Mike Duffey, director of media relations at Hinson's agency, said everyone there understands the importance of volunteering in the community--for both employees themselves and the companies they represent.

"She gives you the freedom to do those kinds of things," he said. "I think Lisa runs her business like it's a family."

Duffey said Hinson allows him time off whenever he needs it, from visiting family in the hospital to spending time with his wife. And as a testament to the employees-are-family mantra, he noted, Hinson attended his swearing-in as a Worthington City Council member.

Looking back to her early years in the business, Hinson thinks of Al Dietzel, a former Limited executive who hired her at Limited Brands and supported her as she moved up with the company. She still has a business card he gave her when she was promoted to director of public relations at the company. On it, Dietzel wrote: "To whom it may concern: This woman is the best."

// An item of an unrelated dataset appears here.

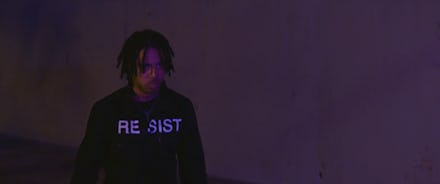 In the video, which debuted exclusively on Tidal, Mensa dons a black jacket with the word "RESIST" across its chest and walks through a deserted alley where he's confronted by police.

Juggling a successful public relations firm, philanthropic work and family isn't easy, Hinson conceded. She credits her husband, Alan, with supporting her and helping her manage parenting duties. They met as students at Ohio State University, and have been married for 20 years. Hinson said it's important for her daughter to see Alan at ballet recitals and other activities that might traditionally be seen as a mother's role. She hopes both her children will share her commitment to volunteering in the community.

Sometimes one part of her life ends up taking priority over everything else, Hinson said. She has learned to accept that. She said it's important for women to acknowledge that it's impossible to strike a perfect balance. "We women are always seeking balance. I'm not sure it's entirely achievable," she said. "You have to strive for a balance that's best for you."

And the balance Hinson has found, many say, is notably exceptional. "She's not just good at what she does," Lazarus said. "She's the best at what she does."